Records shown section start

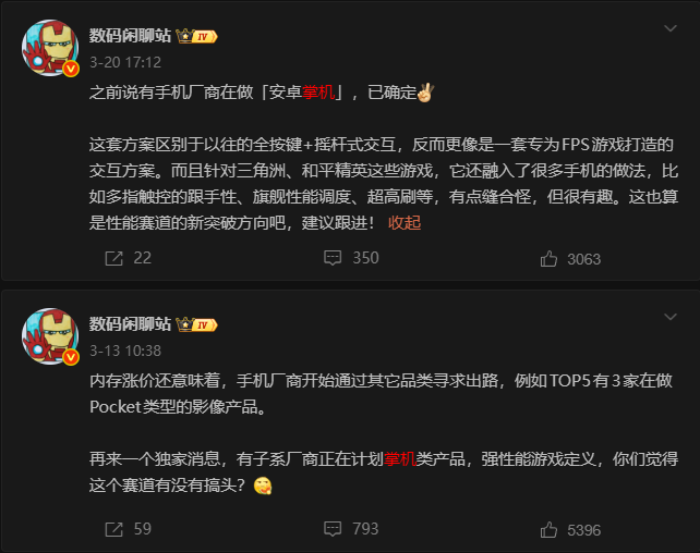 根据此图可了解到,这款掌机还搭载了两颗摄像头,并且配备了闪光灯。且该博主此前也爆料称有一家手机厂商已确定在做安卓掌机,这款掌机的方案区别于以往的全按键+摇杆式交互,是专为FPS游戏打造的一套交互方案。
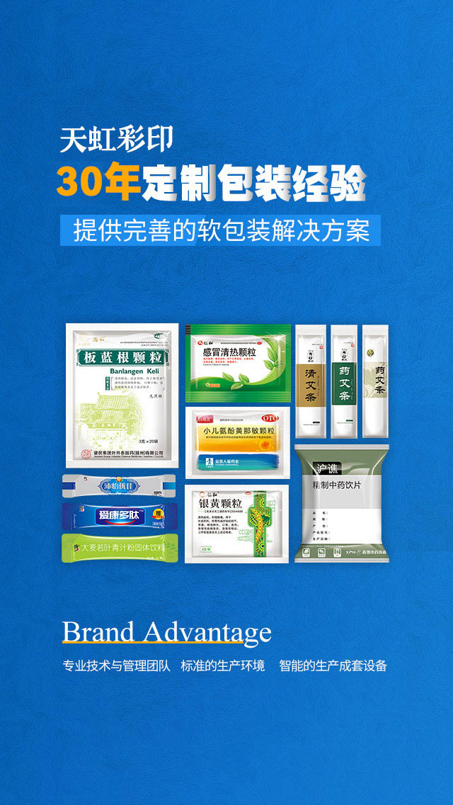 武漢市天虹紙塑彩印有限公司成立于1994年8月18日,是一家集設(shè)計,印刷,制作于一體的塑料軟包裝高新技術(shù)企業(yè),公司坐落于武漢市蔡甸經(jīng)濟(jì)開發(fā)區(qū),占地面積33000平方米。公司總投資1.5億元,新建了高于國家D級標(biāo)準(zhǔn)的無菌車間,并在國家藥品監(jiān)督管理局注冊登記了12個不同材質(zhì)結(jié)構(gòu)的藥包材生產(chǎn)許可證...
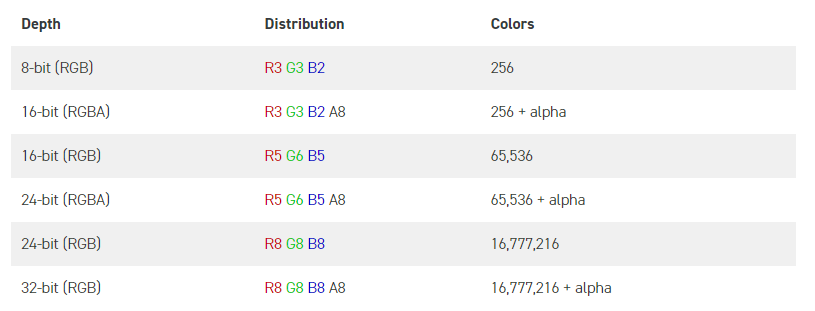 Color/Bit depth는 메모리에서의 전체적인 크기뿐만 아니라 텍스쳐의 컬러 범위를 정의합니다. 아래의 테이블은 이 가이드의 나머지 부분에서 참고할 더 일반적인 color depth formats를 담고 있습니다.
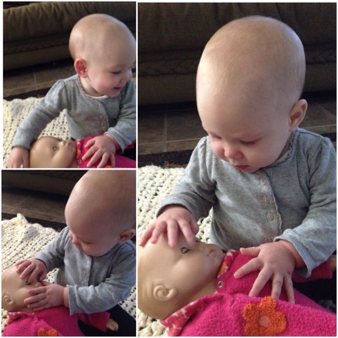 Nothing is cuter than a little girl and her baby doll. Today, Lucy discovered Natalie’s Lilly doll sitting on the shelf in their closet. She was so excited seeing it, I had to get it down and show her. Lucy was in love!
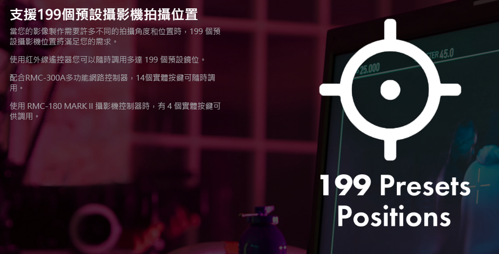 當您的影像製作需要許多不同的拍攝角度和位置時,199 個預設攝影機位置將滿足您的需求。
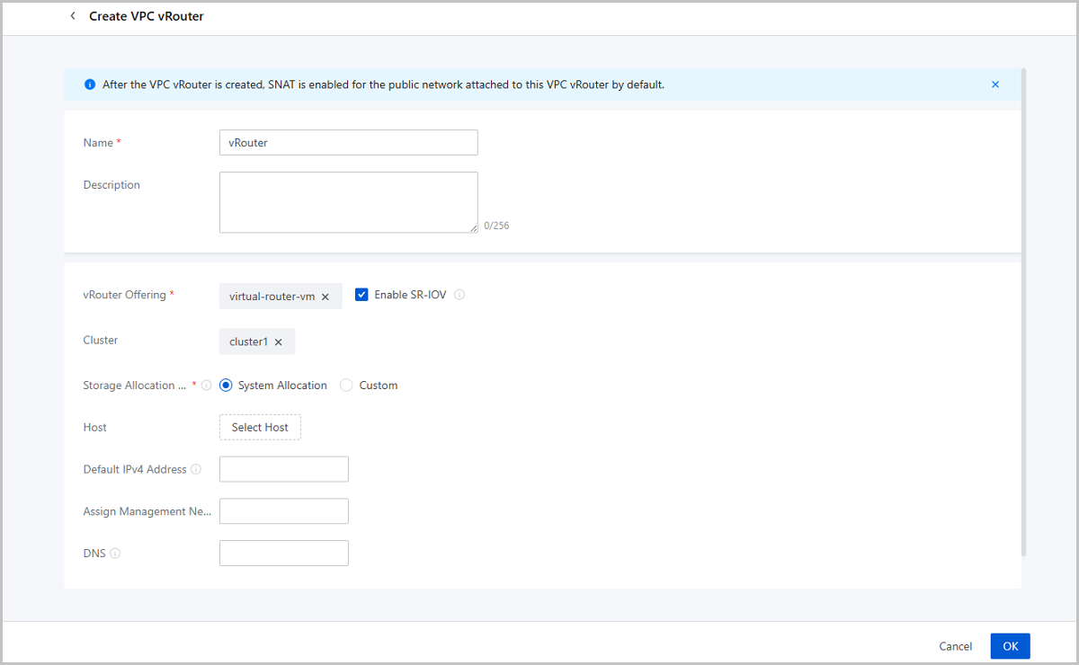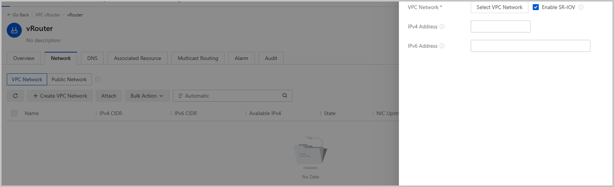 Starting from ZStack Cloud 5.3.0, VPC vRouters and dedicated performance LB instance using the openEuler 22.03 can enable SR-IOV during network attachment. This feature allows the passthrough of VF NICs to improve network bandwidth, PPS, and reduce latency. VPC vRouters and LB instance can be hot-migrated with VF NICs, ensuring business continuity.
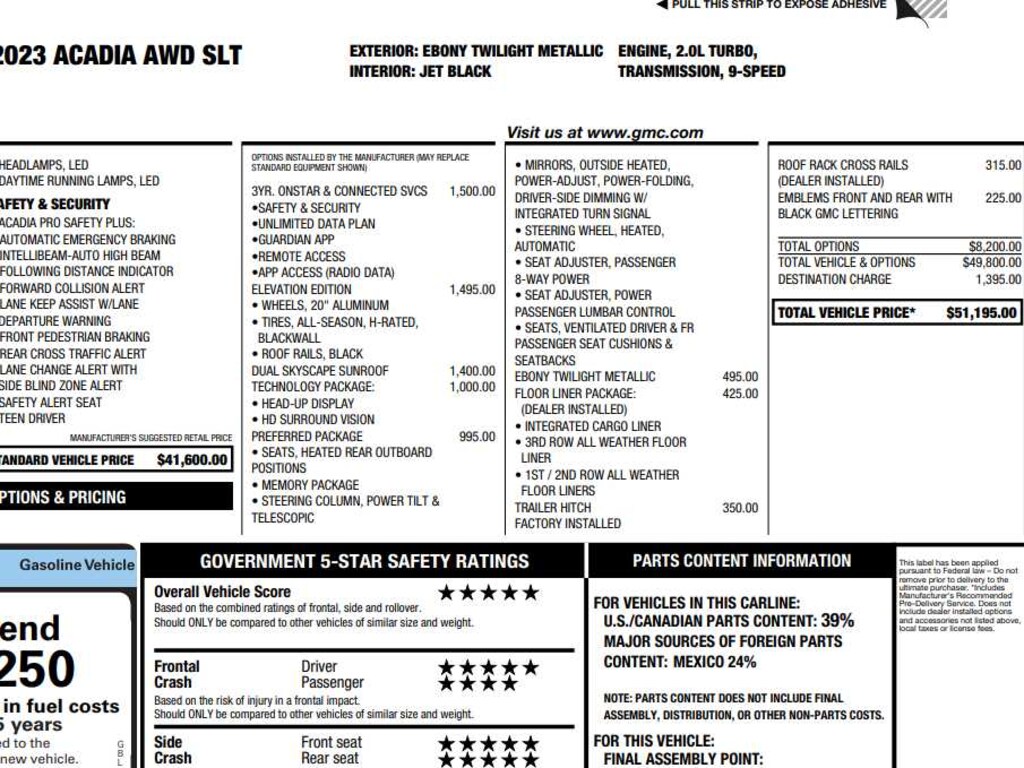 ELEVATION EDITION includes Black grille and exterior accents, (QGY) 20 aluminum wheels, Black center caps, (QNU) 20 all-season blackwall tires and (V59) Gloss Black roof rails, SUNROOF, DUAL SKYSCAPE 2-PANEL POWER with tilt-sliding front and fixed rear with sunscreen, TECHNOLOGY PACKAGE includes (UV2) HD Surround Vision and (UV6) Head Up Display, LPO, FLOOR LINER PACKAGE includes (RIA) front and second row all-weather floor liner, LPO, (RIB) third row all-weather floor liner, LPO and (CAV) integrated cargo liner, LPO, TRAILER HITCH, FACTORY INSTALLED, 1000 LBS. TOWING with 7-pin wiring harness, LPO, ROOF RACK CROSS RAILS, AUDIO SYSTEM, 8 DIAGONAL GMC INFOTAINMENT SYSTEM WITH NAVIGATION includes multi-touch display, AM/FM/SiriusXM stereo, Bluetooth® streaming audio for music and most phones, Android Auto® and Apple CarPlay® capability for compatible phones, advanced voice recognition, in-vehicle apps, personalized profiles for infotainment and vehicle settings (STD), ENGINE, 2.0L TURBO, 4-CYLINDER, SIDI with Variable Valve Timing (VVT) (228 hp [171 kW] @ 5000 rpm, 258 lb-ft of torque [349.8 N-m]) @ 1500 - 4000 rpm (STD), TRANSMISSION, 9-SPEED AUTOMATIC, ELECTRONICALLY-CONTROLLED with 2.0L Turbo engine (STD), LUXURY PACKAGE includes (AAB) Memory Package for power driver seat and outside mirrors, (A7K) 8-way power front passenger seat adjuster, (DYX) outside heated power-adjustable power-folding body-color mirrors with driver-side auto-dimming with integrated turn signal indicators, (AT9) power passenger lumbar control, (KU9) heated and ventilated driver and front passenger seats, (KA6) heated rear outboard seats and (N38) power tilt and telescopic steering column.

Records shown section end

▸ Task item:
Reproduce every record verbatim, please. Omit the images.

▸ Reply to the task:
 根据此图可了解到,这款掌机还搭载了两颗摄像头,并且配备了闪光灯。且该博主此前也爆料称有一家手机厂商已确定在做安卓掌机,这款掌机的方案区别于以往的全按键+摇杆式交互,是专为FPS游戏打造的一套交互方案。
 武漢市天虹紙塑彩印有限公司成立于1994年8月18日,是一家集設(shè)計,印刷,制作于一體的塑料軟包裝高新技術(shù)企業(yè),公司坐落于武漢市蔡甸經(jīng)濟(jì)開發(fā)區(qū),占地面積33000平方米。公司總投資1.5億元,新建了高于國家D級標(biāo)準(zhǔn)的無菌車間,并在國家藥品監(jiān)督管理局注冊登記了12個不同材質(zhì)結(jié)構(gòu)的藥包材生產(chǎn)許可證...
 Color/Bit depth는 메모리에서의 전체적인 크기뿐만 아니라 텍스쳐의 컬러 범위를 정의합니다. 아래의 테이블은 이 가이드의 나머지 부분에서 참고할 더 일반적인 color depth formats를 담고 있습니다.
 Nothing is cuter than a little girl and her baby doll. Today, Lucy discovered Natalie’s Lilly doll sitting on the shelf in their closet. She was so excited seeing it, I had to get it down and show her. Lucy was in love!
 當您的影像製作需要許多不同的拍攝角度和位置時,199 個預設攝影機位置將滿足您的需求。
 Starting from ZStack Cloud 5.3.0, VPC vRouters and dedicated performance LB instance using the openEuler 22.03 can enable SR-IOV during network attachment. This feature allows the passthrough of VF NICs to improve network bandwidth, PPS, and reduce latency. VPC vRouters and LB instance can be hot-migrated with VF NICs, ensuring business continuity.
 ELEVATION EDITION includes Black grille and exterior accents, (QGY) 20 aluminum wheels, Black center caps, (QNU) 20 all-season blackwall tires and (V59) Gloss Black roof rails, SUNROOF, DUAL SKYSCAPE 2-PANEL POWER with tilt-sliding front and fixed rear with sunscreen, TECHNOLOGY PACKAGE includes (UV2) HD Surround Vision and (UV6) Head Up Display, LPO, FLOOR LINER PACKAGE includes (RIA) front and second row all-weather floor liner, LPO, (RIB) third row all-weather floor liner, LPO and (CAV) integrated cargo liner, LPO, TRAILER HITCH, FACTORY INSTALLED, 1000 LBS. TOWING with 7-pin wiring harness, LPO, ROOF RACK CROSS RAILS, AUDIO SYSTEM, 8 DIAGONAL GMC INFOTAINMENT SYSTEM WITH NAVIGATION includes multi-touch display, AM/FM/SiriusXM stereo, Bluetooth® streaming audio for music and most phones, Android Auto® and Apple CarPlay® capability for compatible phones, advanced voice recognition, in-vehicle apps, personalized profiles for infotainment and vehicle settings (STD), ENGINE, 2.0L TURBO, 4-CYLINDER, SIDI with Variable Valve Timing (VVT) (228 hp [171 kW] @ 5000 rpm, 258 lb-ft of torque [349.8 N-m]) @ 1500 - 4000 rpm (STD), TRANSMISSION, 9-SPEED AUTOMATIC, ELECTRONICALLY-CONTROLLED with 2.0L Turbo engine (STD), LUXURY PACKAGE includes (AAB) Memory Package for power driver seat and outside mirrors, (A7K) 8-way power front passenger seat adjuster, (DYX) outside heated power-adjustable power-folding body-color mirrors with driver-side auto-dimming with integrated turn signal indicators, (AT9) power passenger lumbar control, (KU9) heated and ventilated driver and front passenger seats, (KA6) heated rear outboard seats and (N38) power tilt and telescopic steering column.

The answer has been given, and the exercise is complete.